Гюллю любила мать. Любила и жалела ее. Всякий раз, когда в доме вспыхивала ссора, Гюллю вставала на сторону матери. За это она получала пощечины, выслушивала угрозы и грязную брань старшего брата.
Брат… Как это получается, что из общего любимца вырастает горе семьи? Ведь в детстве Хамза был ее лучшим другом. Он защищал ее от задиристых ребят квартала, делился с ней всем, что имел. В пасмурные зимние дни, когда улочка превращалась в месиво и играть было негде, они ходили к реке за дровами. Обезумевшая река, пенясь, билась о берега и выбрасывала целые деревья, доски, щепки. Гюллю и Хамза собирали все, что могли унести, и волоком тащили домой. Если попадалось тяжелое бревно, Хамза взваливал его себе на спину и, согнувшись в три погибели, пыхтя и обливаясь потом, тащил один.

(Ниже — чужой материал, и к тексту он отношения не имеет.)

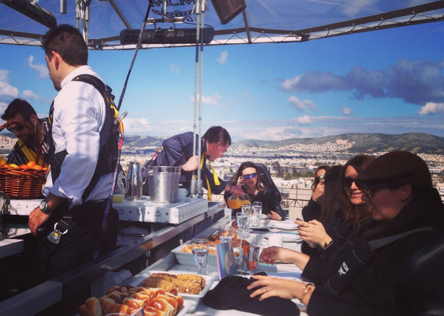 Dinner In the Sky, a project that is famous around the world, currently makes a stop in Athens. The special platform that has been set up in the extraordinary area of Technopolis at Gazi, “takes off” three times a day and goes up 50 m. from the ground; two times for a five-course dinner and the last one for cocktails, always affording views from the Acropolis and Lycabettus Hill to Salamina and Aegina (
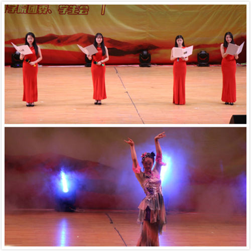 充满青春活力的开场舞《Good time+Worth it》拉开了晚会的序幕。《那些年,那些事》歌曲串烧、西方的小提琴与维吾尔族的古乐器碰撞的《维哈串烧》、将悠扬的葫芦丝与柔美的民族舞相结合的《落花情》、小品《你所忽视的若是一场梦》等精彩节目,给现场观众带来一场视听盛宴。此外,“坚定跟党走,喜迎十九大”写出了学院学生对中国迈入新时代美好未来的期待;《我的祖国》通过朗诵和舞蹈抒发了学院学生爱党、爱祖国的深情。
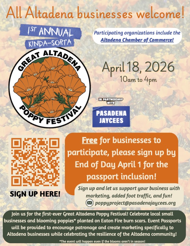 | 4/17/2026 | We are thrilled to share that the Altadena Chamber has been selected as a 2026 Business Makes LA County Work (Bizzi) Awards honoree in the Supervisor District 5 Award – Business Nonprofit of the Year.
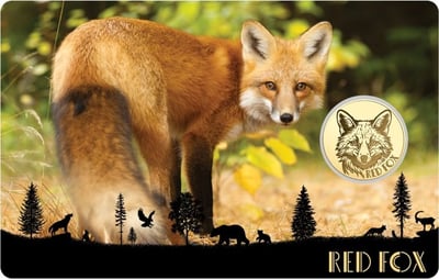 Die untere Kante ziert eine schwarze Silhouette einer Waldlandschaft. Tannen und Fichten rahmen verschiedene Wildtiere wie Wolf, Bär und Hirsch ein – eine Hommage an die natürliche Umgebung des Fuchses. Diese durchdachte Komposition macht jede einzelne Münze zu einem kleinen Kunstwerk.

Дома Гюллю бросалась брату на шею и осыпала поцелуями его красное и упрямое лицо. Однажды он у самого дома поскользнулся с бревном, упал и в кровь ободрал колени и ладони. Гюллю весь остаток дня проплакала…
И только что она уверяла себя, что, пусть его четвертуют — она слезинки не прольет?! Нет, неправда! Гюллю вдруг стало жаль брата, обидно за его несуразную жизнь. Она взглянула на мать: сгорбилась, пригорюнилась, сникла… Это в ее-то годы! У Гюллю сжалось сердце. Она бросилась на шею к матери.
— Доченька моя, Гюллю, — прошептала мать и, не выдержав, разрыдалась.
Гюллю уже давно не видела мать плачущей. И почему она с такой болью сказала: «Доченька моя»? Может быть, она знает что-то страшное? Ведь ей известно, что Гюллю любит Кемаля и ни за что на свете не пойдет замуж за другого. И плачет она, должно быть, потому, что ей больно за Гюллю, но она не смеет возразить мужу…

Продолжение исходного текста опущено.